INFORMATION SHOWN: Begin

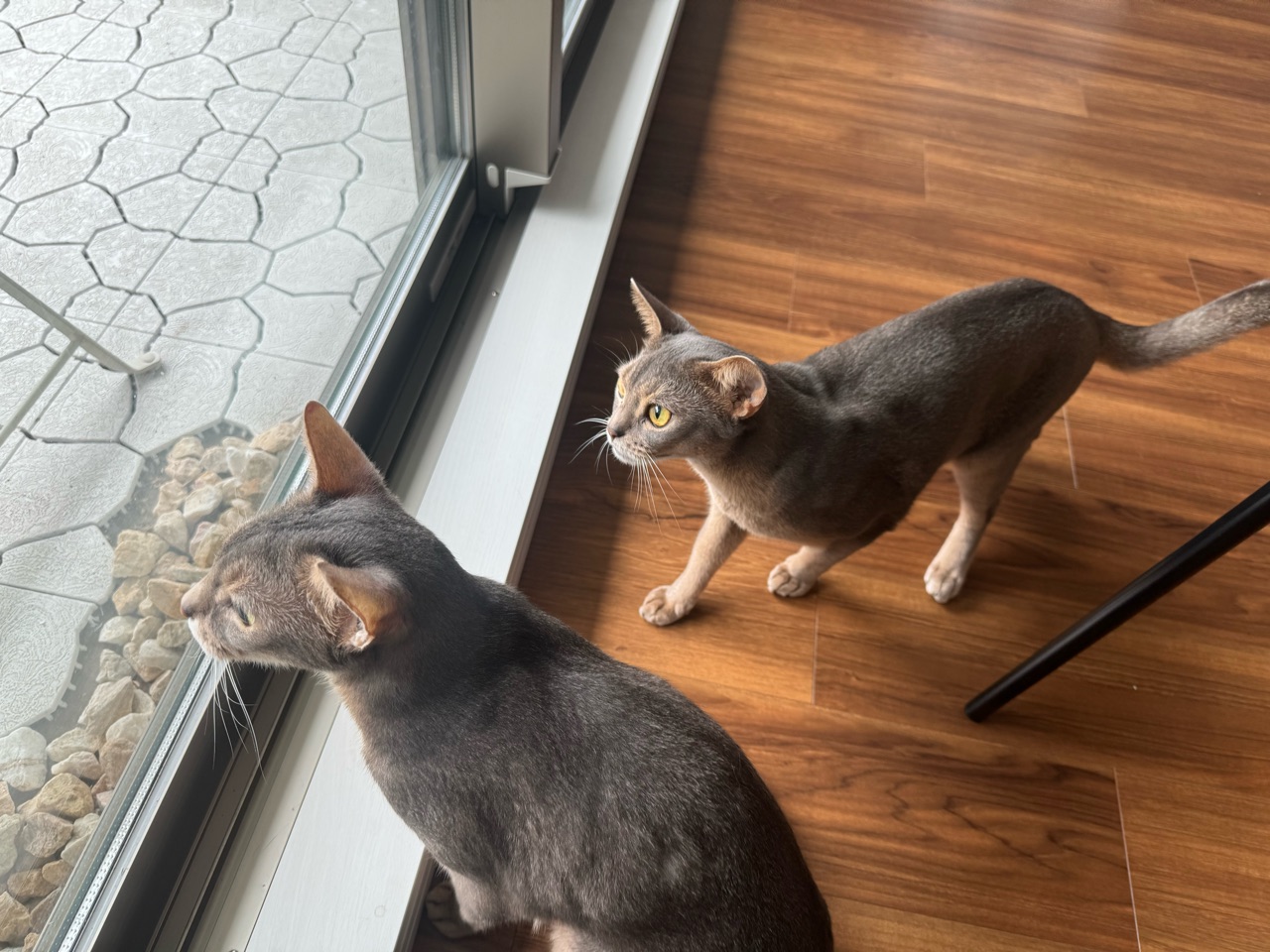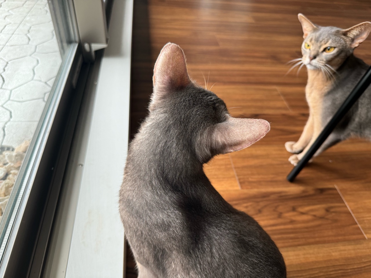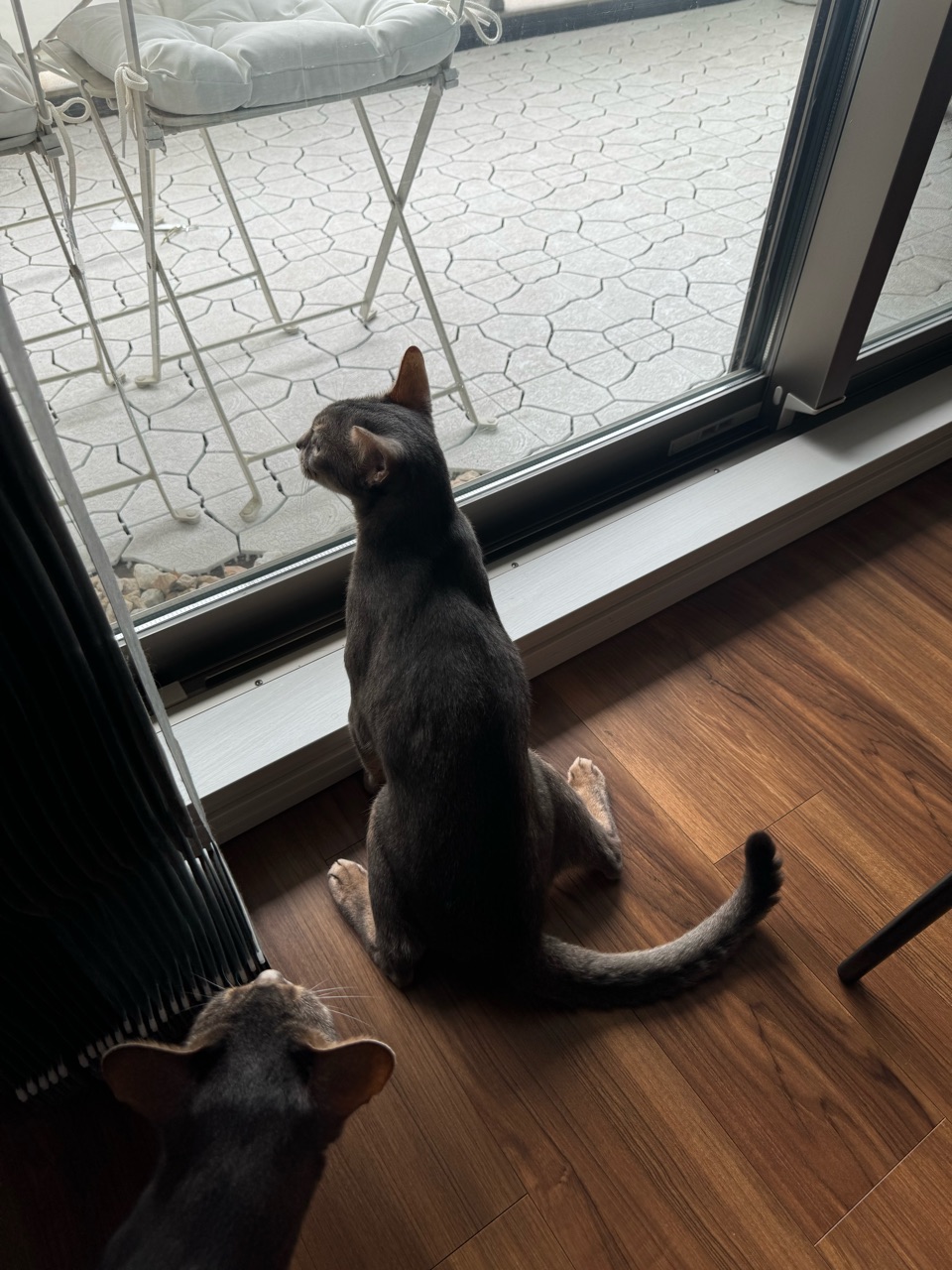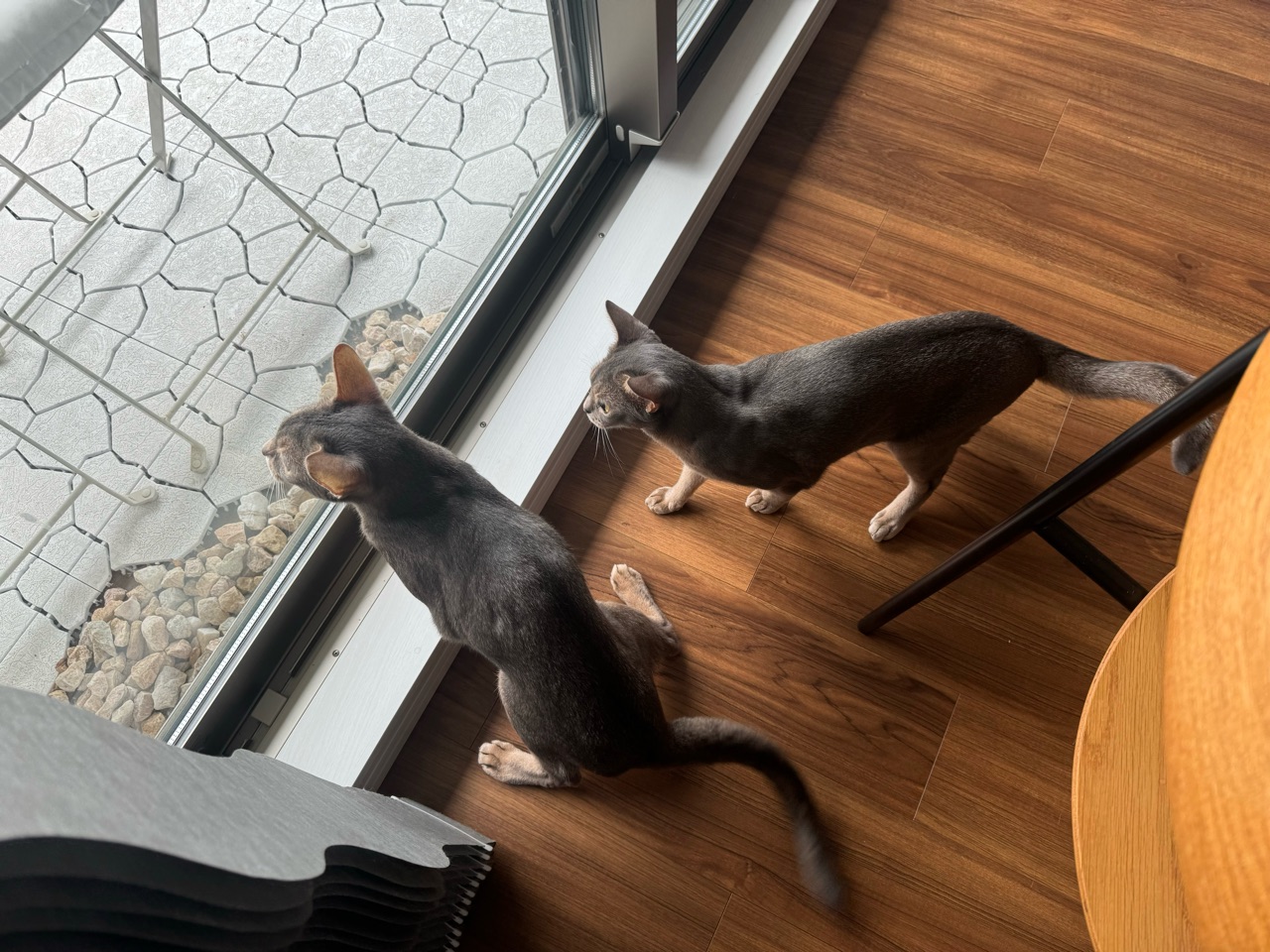 窓の外にやってくるスズメさんを見つけるや、窓際に走ってきた何やらウニャウニャ言ってる?
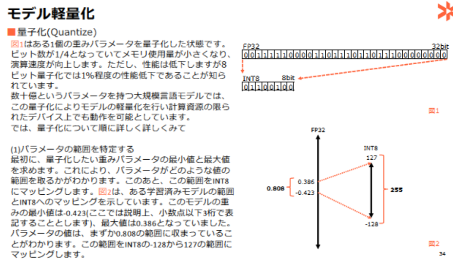 量子化とは,パラメータのビット深度を削減し,メモリ消費を抑える技術です.従来のFP32(32ビット浮動小数点)で表現されていた重みパラメータを例えば,INT8(8ビット整数)に変換することで,メモリ使用量は1/4となり,演算速度が向上します.
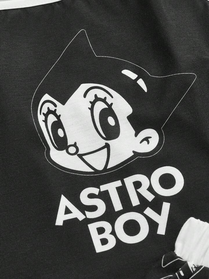 Astro Boy X ROMWE Set pigiama con canotta e pantaloncini con grafica di figure cartoni animati

INFORMATION SHOWN: End

__WORK TO BE COMPLETED__: Restate the whole listing word for word. Omit the pictures.

__YOUR SOLUTION__:
 窓の外にやってくるスズメさんを見つけるや、窓際に走ってきた何やらウニャウニャ言ってる?
 量子化とは,パラメータのビット深度を削減し,メモリ消費を抑える技術です.従来のFP32(32ビット浮動小数点)で表現されていた重みパラメータを例えば,INT8(8ビット整数)に変換することで,メモリ使用量は1/4となり,演算速度が向上します.
 Astro Boy X ROMWE Set pigiama con canotta e pantaloncini con grafica di figure cartoni animati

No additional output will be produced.